Victims of bullying are not generally part of a group, instead they have something in their behavior, circumstances or status that renders them unable to fight back--making an easy target. I it's naive to suggest that simply allowing whole peer groups to fight back in order to stop bullying will solve anything. Often the victims don't fit into or feel a part of any groups. Isolated they make easy targets.
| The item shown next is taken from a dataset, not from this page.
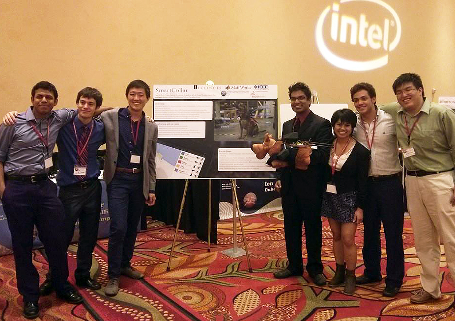 The University of Illinois “SmartCollar” student project won the People's Choice award at the Cornell Cup USA competition presented by Intel. Thirty-four finalists were chosen to compete in the competition finals held May 1-3. The team consisted of undergraduate students Logan Wan (MechSE), Brian Chien, Shugo Tanaka, Gabriel Hruskovec, and Anarghya Mitra (ECE); dog trainer Eva Alvarez (undergraduate student in animal sciences); and mentors Aadeel Akhtar (MD/PhD student, neuroscience), and Dan Block (instructor, ECE).

It really requires intelligent adult observation both in the schools and by parents to identify who might be vulnerable.

JoLynne
LOGAN, UT

I was sad to read that children sometimes hide the problem from their parents, for fear their mom or dad will only make it worse. This article gives good advice on handling a bad situation--I agree that it's best to work with the child and have him play as big a role as possible in stopping the bullying. I'm glad to say that in my family's case, all we had to do was visit the principal. He took it seriously and listened while my child explained what was going on... and then he acted.

Butch70
Spokane, WA

I say stand up to these bullies and they will back off.

BobP
Port Alice, B.C.

This may not make it past the censors.

My youngest son was the victim of bullying in the church. In particular early morning seminary in Canada. They would take his coat and gloves and then shove him outside the chapel into minus 25 weather. It became a nearly daily occurance for a while.

The primary abusers were the sons of the Stake President and two Bishops (along with their hangers on). When I found out by accident, I arrived early to pick him up, I got some details and went to the fathers who gave me the "boys will be boys" routine. They also said thier sons were tired of my boys "smart mouth".

We had a meeting with my son, me, my wife the fathers of the and the boys. My wife verbally tore them all to shreds, apolgies were offered. My advice is, to never back down.